President Obama’s soul mission…revealed

As I watched the second inauguration of President Barack Obama this morning, I was reminded of a heart-pounding election prediction that I stumbled upon on September 7, 2012 in the most unlikely place: Facebook. At the time, national polls were yanking us every way but loose, as they predicted conflicting outcomes.

Polls, though scientific, are guesstimates; they’re based on human feedback, statistical probability and history. The election predictions on Esteban E. Ramirez’s Ete Light Facebook page, on the other hand, were based on spiritual feedback: He posted a collection of provocative messages that had been transmitted to and through him for more than a year from what he calls the “Higher Dimensions”—the ultimate balcony of Earth’s theater.

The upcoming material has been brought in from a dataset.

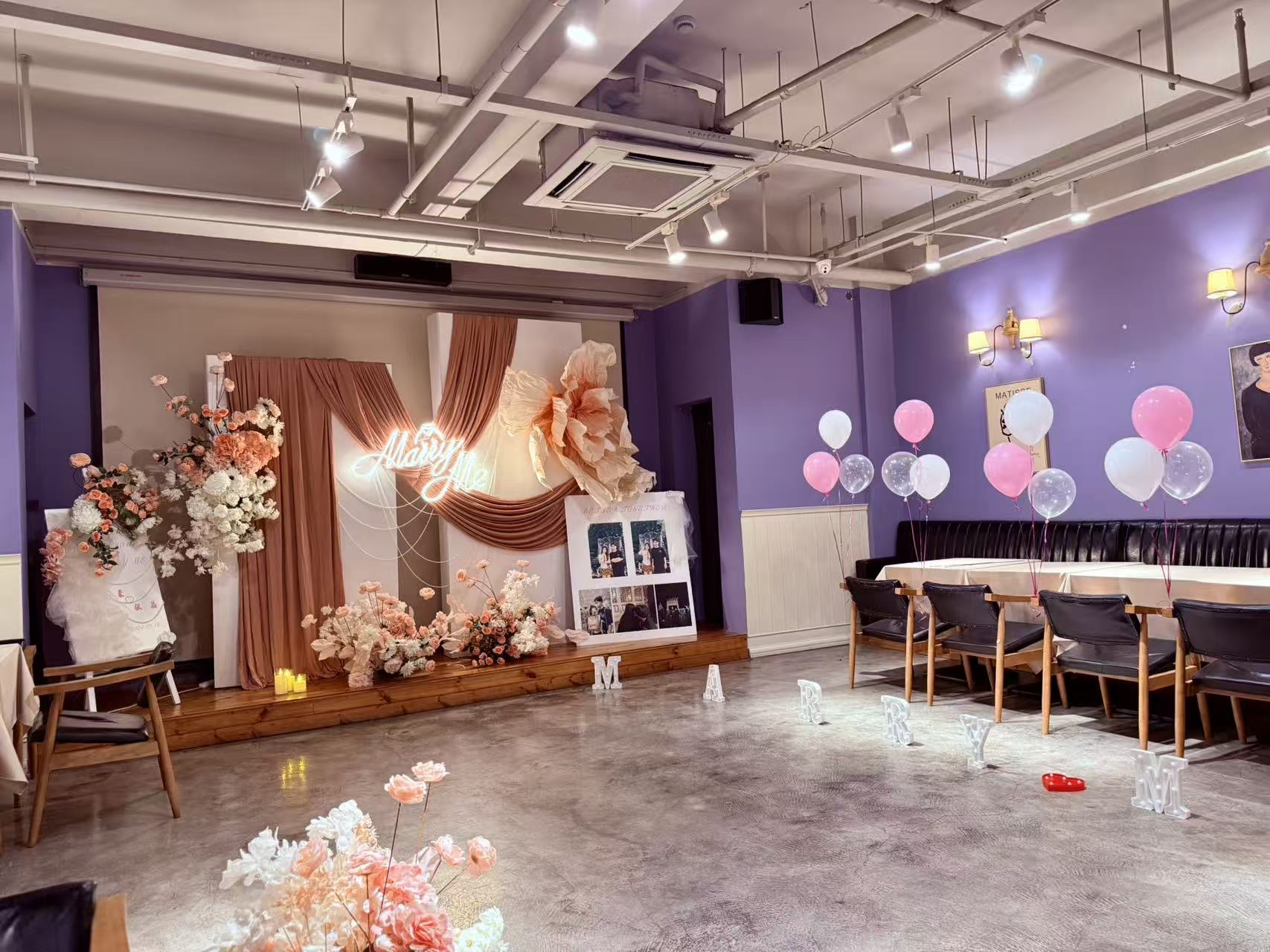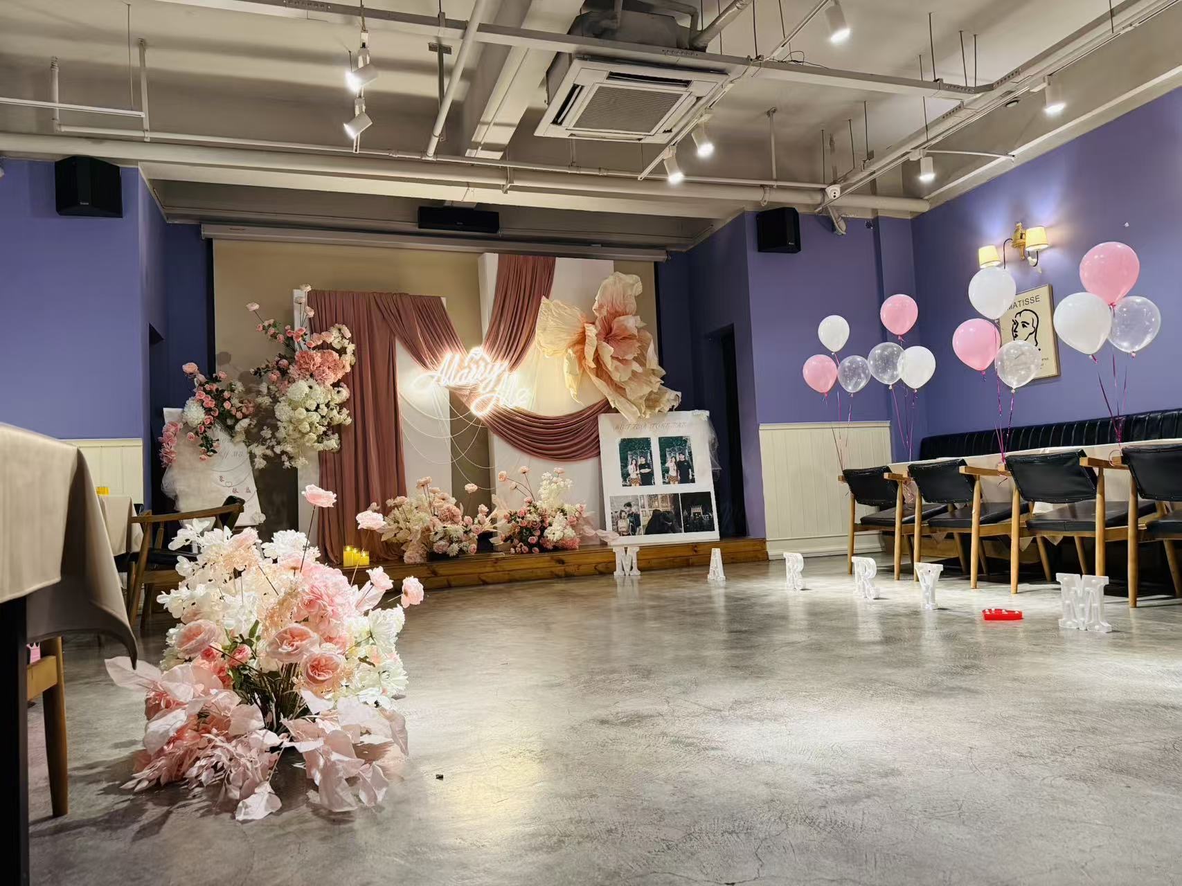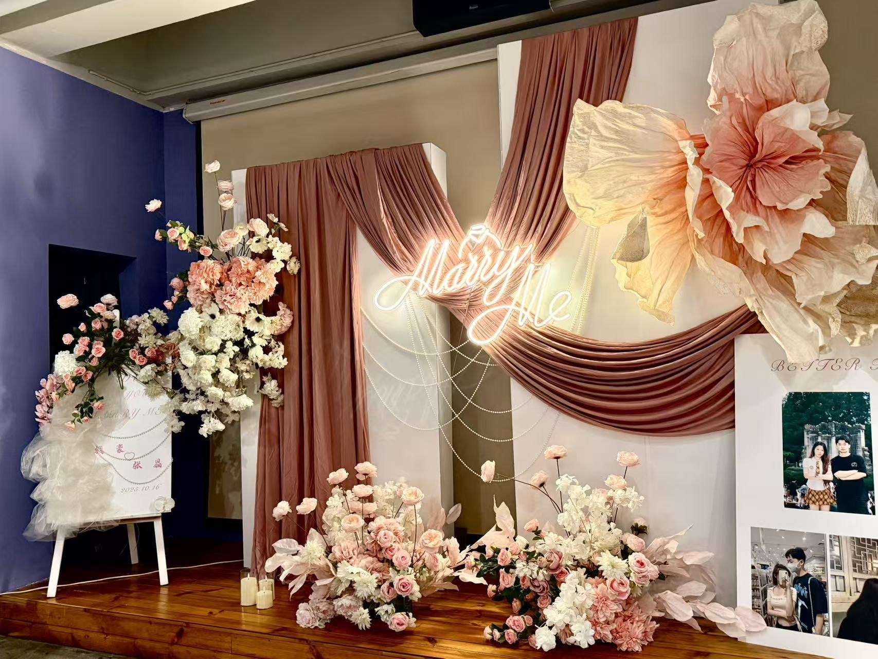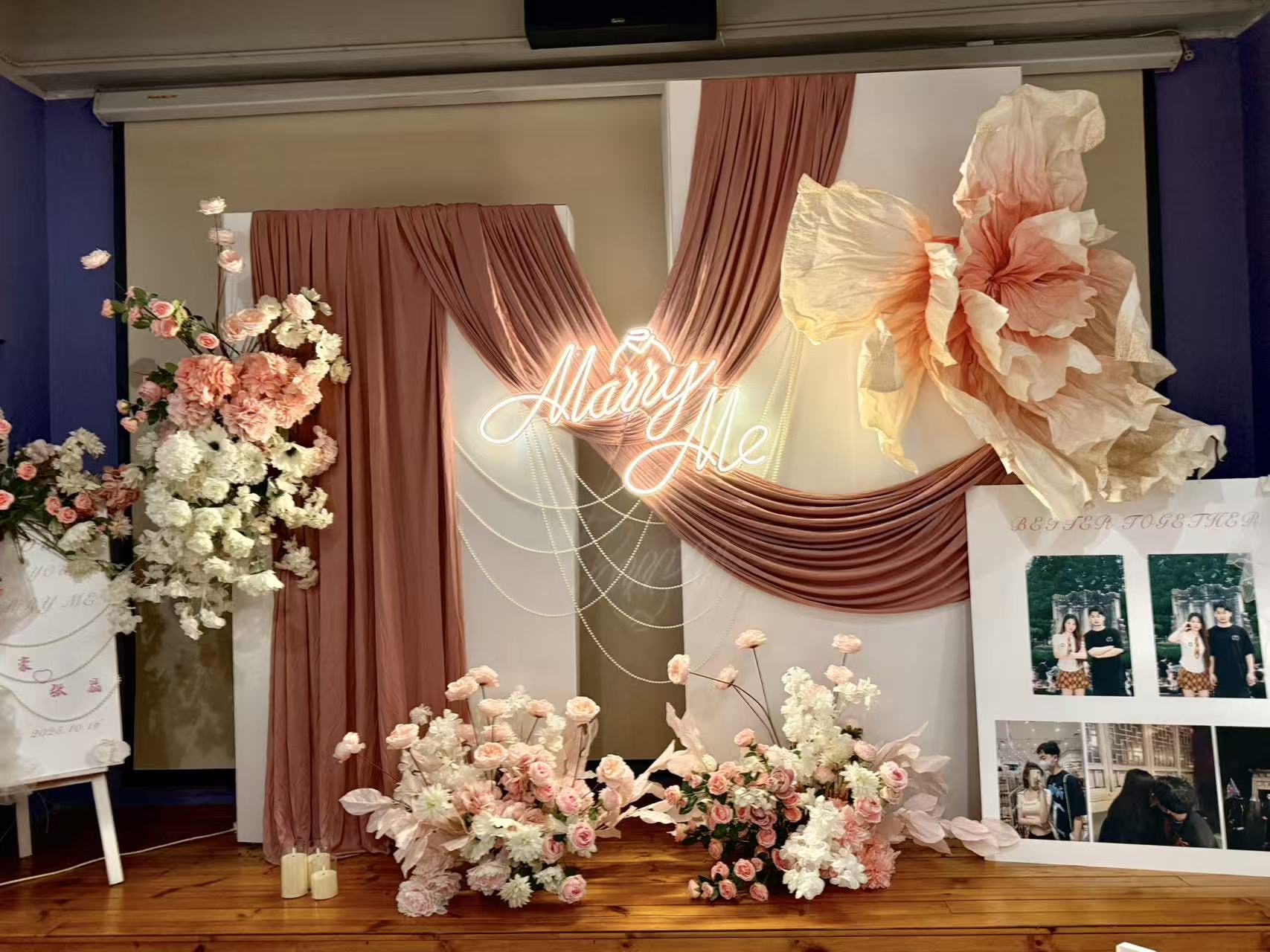 在这片浪漫空间里,暖棕帷幔与柔粉花艺交织,“Marry Me”霓虹闪烁如爱的星光。气球轻舞,照片定格甜蜜瞬间,每一处布置都藏着心动细节,将仪式感拉满,让求婚时刻成为永恒的浪漫秘境。

I was both astonished and relieved by the predictions. More important, these alleged spiritual messages confirmed what I suspected: Our life purpose is established before we arrive on this planet.

Obama was chosen to lead before birth

Are our life scripts already written?

I had my first conversation with Barack Obama in 1994. He was a young civil rights attorney who reviewed my housing discrimination case. I instantly trusted him. There was something earnest, yet sincere and empathetic about this young man.

The following year provided an opportunity for me to support him. I joined a small audience at a book signing for his autobiography, “Dreams for my Father,” in our Hyde Park neighborhood. It was his birthday, and several family members were there. The brilliantly written book was further evidence that Barack Obama was no ordinary being.

Embracing our greatness

When we come to the realization that we are not here randomly, that life does not begin with physical birth or end with physical death, we move more powerfully and fearlessly through the world. When we believe that we’re here for a purpose, we see clearly that all of our life scenes and props have been staged, and each actor has been cast to fulfill our purpose.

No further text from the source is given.